Além de afetar a qualidade do ar e a visibilidade, a poeira também pode remodelar os ambientes onde se deposita.
O impacto da poeira nos ecossistemas
A poeira desempenha um papel paradoxal nos ecossistemas. Embora fertilize florestas tropicais e oceanos com nutrientes como o fósforo, ela também pode sufocar recifes de coral, alterar a composição do solo e modificar a distribuição das chuvas (3)(4). Dessa forma, a poeira pode atuar tanto como fonte de nutrientes quanto como poluente, dependendo de por onde viaja e onde se deposita.
Na Amazônia, a poeira do deserto do Saara ajuda a sustentar a biodiversidade, mas, em ambientes marinhos, pode estimular florações de algas nocivas que devastam a vida aquática (5)(6). Em terra, a deposição de poeira pode alterar a química do solo, favorecendo algumas espécies de plantas em detrimento de outras e remodelando paisagens inteiras (7). Ela também pode afetar a fotossíntese, a respiração, a transpiração e até ferir as plantas ou torná-las mais vulneráveis a outros poluentes.
Poeira e qualidade do ar
A poeira pode afetar a qualidade do ar tanto localmente quanto a milhares de quilômetros de sua origem. Seu comportamento depende em parte de como ela é gerada, mas também das condições atmosféricas e dos ventos que a transportam.

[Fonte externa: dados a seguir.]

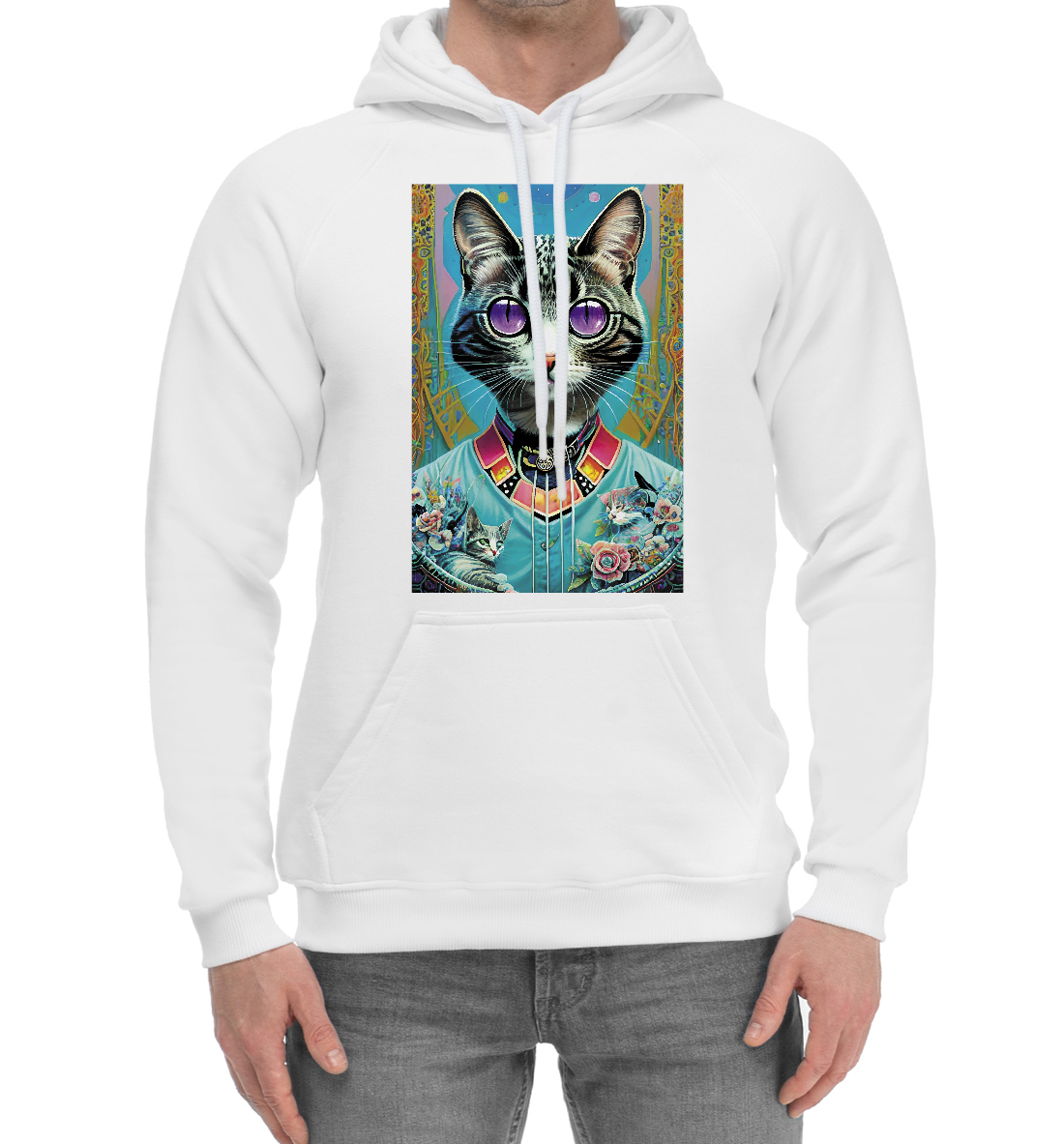 Мужской хлопковый худи с принтом «Кошечка с фиолетовыми глазами»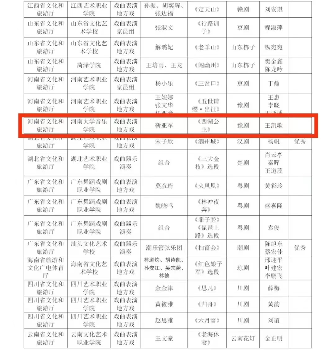 近日,由文化和旅游部科技教育司主办、中国戏曲学院承办的第四届“梨花杯”全国青少年戏曲教育教学成果展示活动入选名单公布,我院2021级戏曲演唱方向研究生靳亚军表演的豫剧《西湖公主》成功入选,同时荣获“戏曲盛世”2022全国首届戏曲网络大赛综合A组银奖。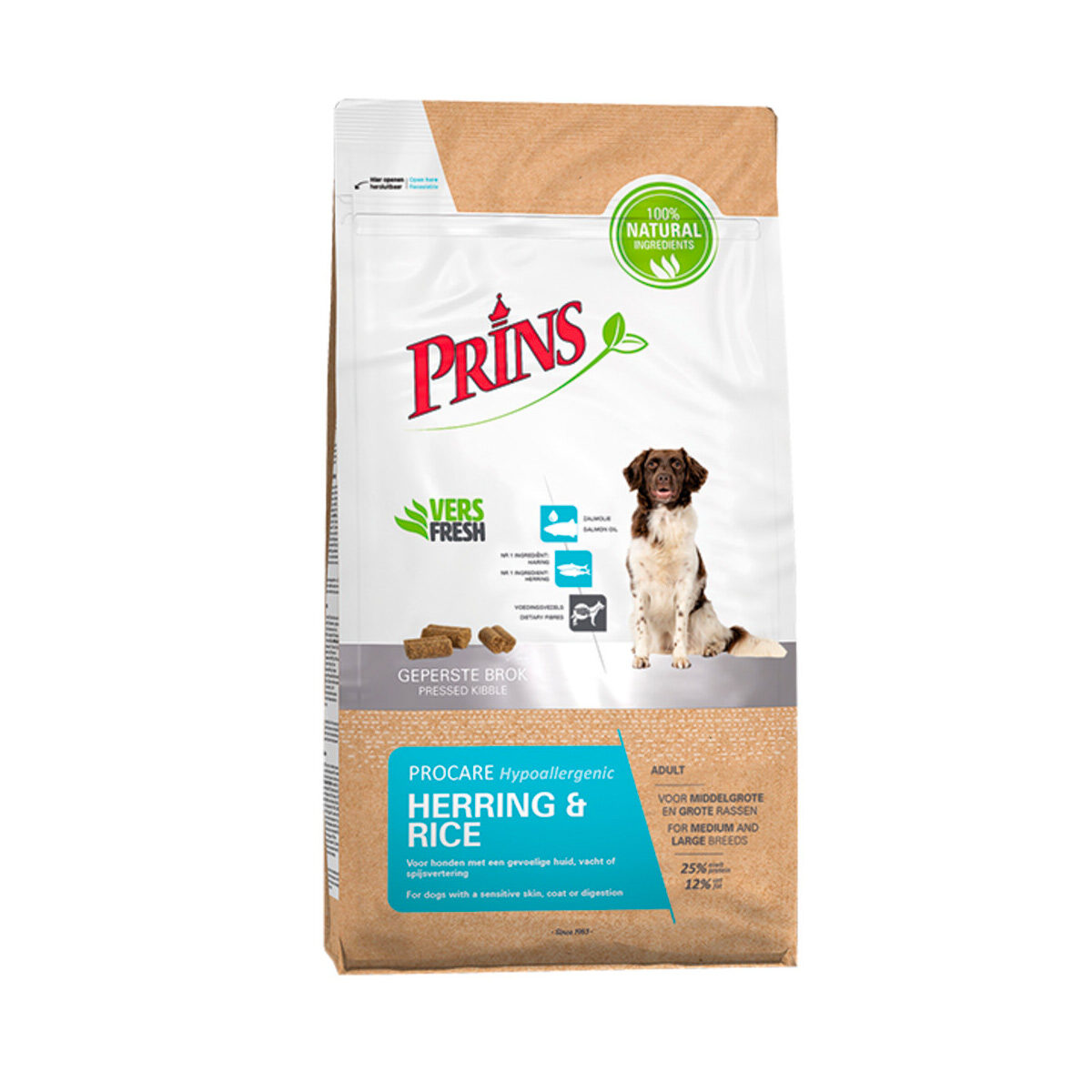 Prins ProCare Herring & Rice is een geperste brokvoeding voor honden van middelgroot en groot formaat. De brokken smaken naar haring maar ruiken niet té sterk naar vis. Deze hypoallergene brokken met haring en rijst zijn uitermate geschikt voor honden die een voeding nodig hebben met vis als enige dierlijke eiwitbron. De voeding is verrijkt met zalmolie, wat rijk is aan omega-3 vetzuren. Voedingvezels dragen bij aan een evenwichtige darmflora. De geperste brokken ondersteunen de huid, vacht en spijsvertering van jouw hond optimaal. Een ander pluspunt van deze voeding is dat haring de meest duurzame vissoort is voor het gebruik in hondenvoeding.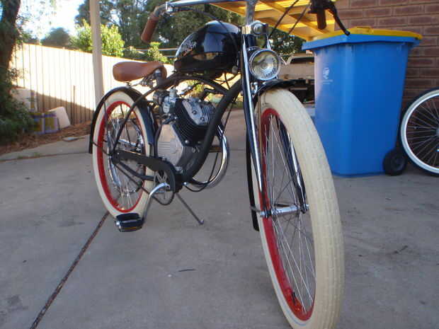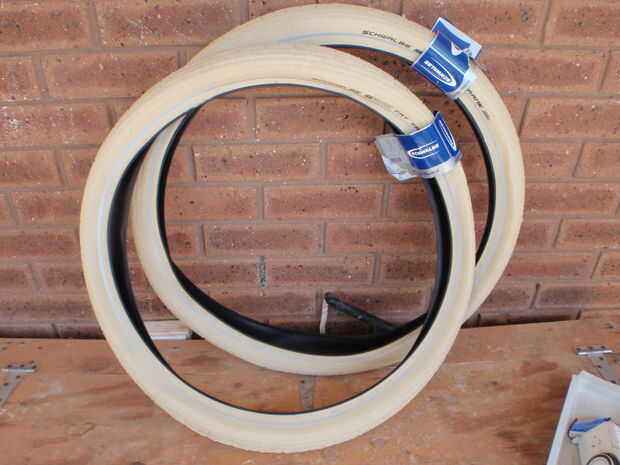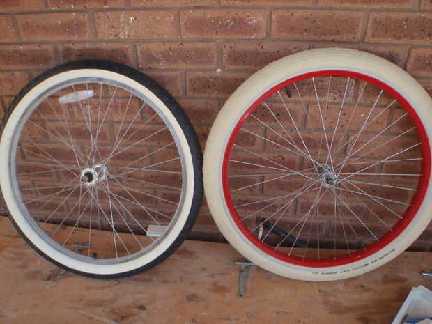 y pude ver a un par de neumáticos blanco llano 26 x 2.35 que un poco más como algo de la década de 1920 el neumático también son bastante más grande que los whitewalls 26 x 2.125 y hacer la moto mirada más auténtica.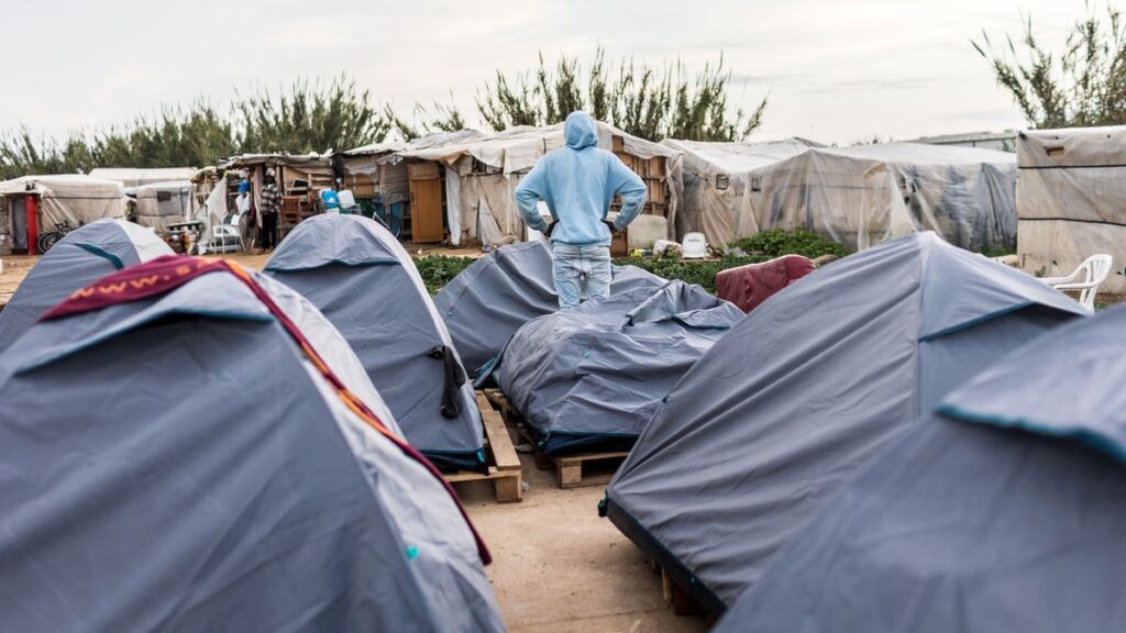 El sol de la tarde ha paliado la humedad de tantos días de lluvia agravada por el riachuelo que bordea el polígono. El fin de semana el agua, que provocó muchas incidencias en el centro del municipio, anegó varias chabolas, obligando a sus residentes a levantar tiendas de campaña junto a las que otros compañeros ya habían instalado días antes, al no poder desplegarlas en el centro de la ciudad. “Hemos denunciado la situación, pero nadie ha venido a interesarse. Tampoco lo hicieron hace un año cuando la riada de la gota fría. Entonces habilitaron el pabellón con camas, pero ¿para quiénes? Para los blancos”, denuncia Diop, que recuerda que tampoco se hizo nada cuando en 2019 un incendio asoló un asentamiento de 200 infraviviendas o en el que el año pasado quemó medio centenar.

A poeira pode vir de várias fontes locais causadas pela atividade humana, incluindo construção, demolição, práticas agrícolas, processos industriais, paisagismo, tráfego de veículos em superfícies viárias e até mesmo caminhar em caminhos não pavimentados (8).
Algumas tempestades de poeira curtas e intensas, como os haboobs, podem permanecer como uma anomalia localizada, aparecendo como uma parede de poeira que envolve cidades. No entanto, ao contrário de plumas maiores, que podem percorrer grandes distâncias, os haboobs tendem a durar apenas cerca de 10 a 30 minutos (9). As medições da qualidade do ar de poluentes transportados pelo ar, especialmente PM2.5 e PM10, podem aumentar acentuadamente durante um haboob.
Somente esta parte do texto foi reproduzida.